To summarize, the blood coagulation was carried out in this study using microplasma discharge in atmospheric air. The coagulation effect could be clearly observed starting at the discharge voltage of −3.2 kV and at least 3 min of treatment time with the blood sample placed at a distance of 2 mm from the microplasma electrode. The strongest coagulation effect was observed at −3.4 kV, 825 Hz and 6 min of treatment time. In contrast, the blood samples did not coagulate at all even after 6 min of treatment using air flow only, which indicates that the above-mentioned results were specifically related to microplasma treatment. While the blood coagulation effects induced by microplasma treatment in this study were most probably due to the action of RONS, the level of those effects increased with the increase in discharge voltage, frequency and treatment time. These results represent preliminary evidence that suggests the potential of using microplasma treatment as a technology for a faster, more economical and safer enhancement of coagulation when this is necessary, as this procedure requires low discharge voltage and power and is achievable at room temperature. In addition, due to its low discharge voltage and power consumption, microplasma treatment also represents a promising option as a portable coagulation tool for use by first responders.

4.2. Limitations/Future Work

One limitation of this study is the lack of platelet and fibrin assays to illustrate the physiological mechanisms supporting the observed effects. Another limitation of this study is the reduced number of blood samples available for the tests. We propose solving those limitations as future research directions. In addition, since the observed effects were likely related to RONS-mediated platelet activation and fibrin formation, experimental validation of D-dimer, fibrinogen changes, hemolysis assay, platelet markers, and also of the blood clots’ strength and durability, blood cell integrity and potential cytotoxic effects should be carried out in future studies. The clots’ mechanical integrity was described only qualitatively, thus in future studies, quantitative testing will also be carried out. As we here used small residual EDTA blood samples, PT/aPTT values could not be determined in this study. Future experiments with more appropriate models (e.g., on pig blood) may allow complete hemostasis characterization, including PT and aPTT characterization under controlled conditions.

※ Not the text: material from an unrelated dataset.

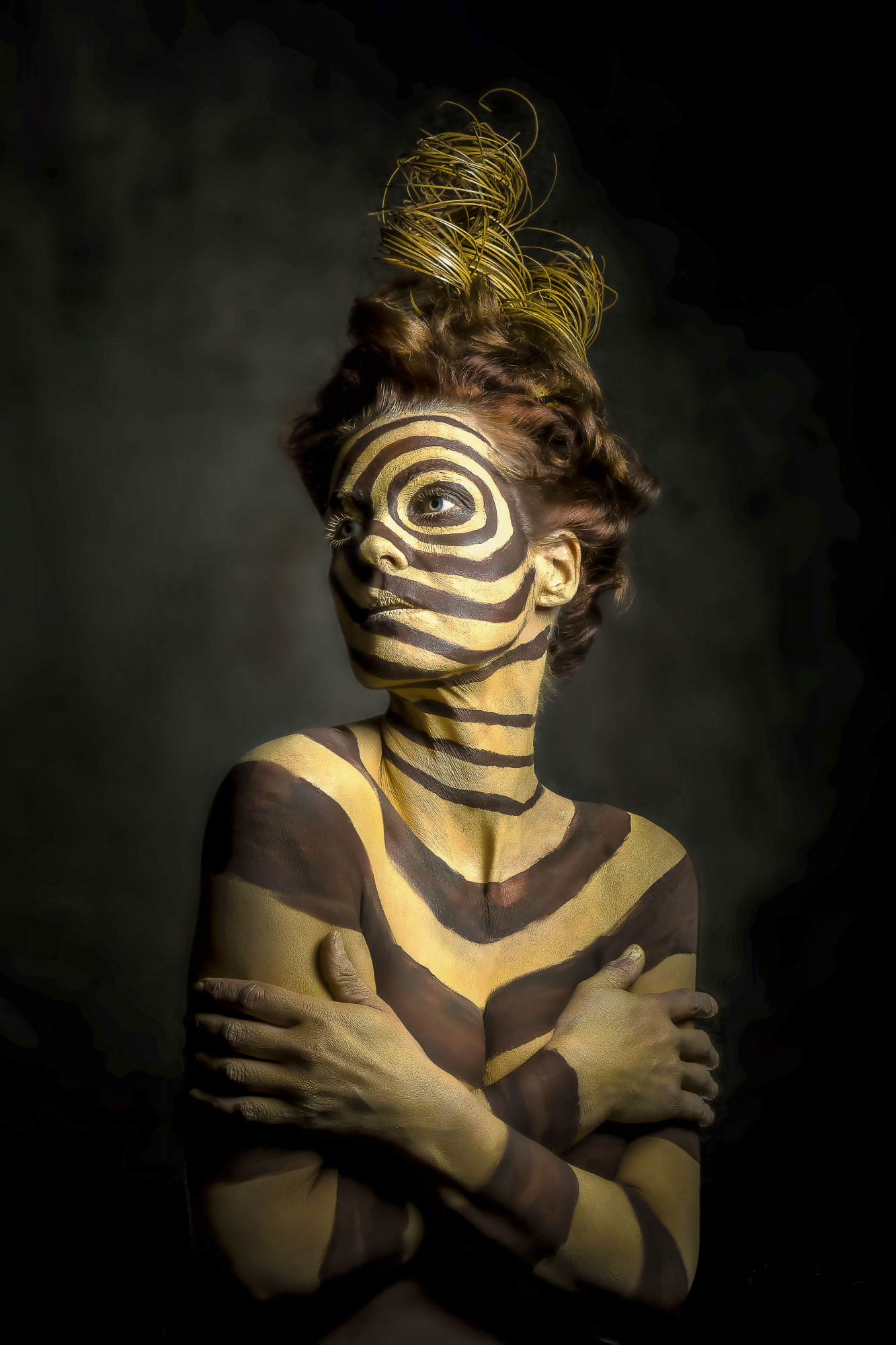 With the COVID – induced lockdown in 2020, we were suddenly blessed with a lot of free time. During this period our joint project “Mayathara Photoart” was born. Here I have found a protected space in which I can live out my ideas, dreams and feelings unrestricted. There are no restrictions neither limits here. I can be what or who I like to be. On the other hand, it always excited me to try out new techniques of bodypainting. The preparation of each shooting is associated with new experience and thus never gets boring. Through my work in front of the camera, as a portrait body artist, my husband´s photography has taken an artistic dimension. From the technical point of view the decision to move away from available light to a focused light setting and flashlight was a big leap.

In such future studies, we also suggest the use of emission spectroscopy methods to experimentally determine the presence of active species generated by microplasma at various distances from the electrode. In addition, experiments carried out with blood samples located at a distance of more than 2 mm from the plasma electrode should be performed in order to determine the efficacy of microplasma treatment for blood coagulation at various distances from the blood samples or wounds.

Last but not least, as the final goal of such studies is to use microplasma for blood coagulation in a prehospital environment in cases of bleeding, future work must be carried out with in vivo experiments.

5. Conclusions

This study showed that microplasma at −3.4 kV, 825 Hz, and 0.6 L/min for 6 min produced a strong blood coagulation effect which is specific as no effect was notable due exclusively to the air flow. The minimum conditions for coagulation were discharge voltage −3.2 kV, pulse frequency 700 Hz and 3 min of treatment time, and an increase in the coagulation effect was observed with the increase in discharge voltage, frequency and treatment time. The blood sample temperature increased by 4.4 °C after 6 min of microplasma treatment generated at −3.4 kV, 825 Hz and 0.6 L/min air flow rate. These preliminary results may open new directions for research and, in the future, potential clinical applications.

However, a substantial follow-up is necessary in vitro to evaluate the mechanistic bases of the observed coagulation effects and in vivo to investigate if similar effects could occur in the case of hemorrhages.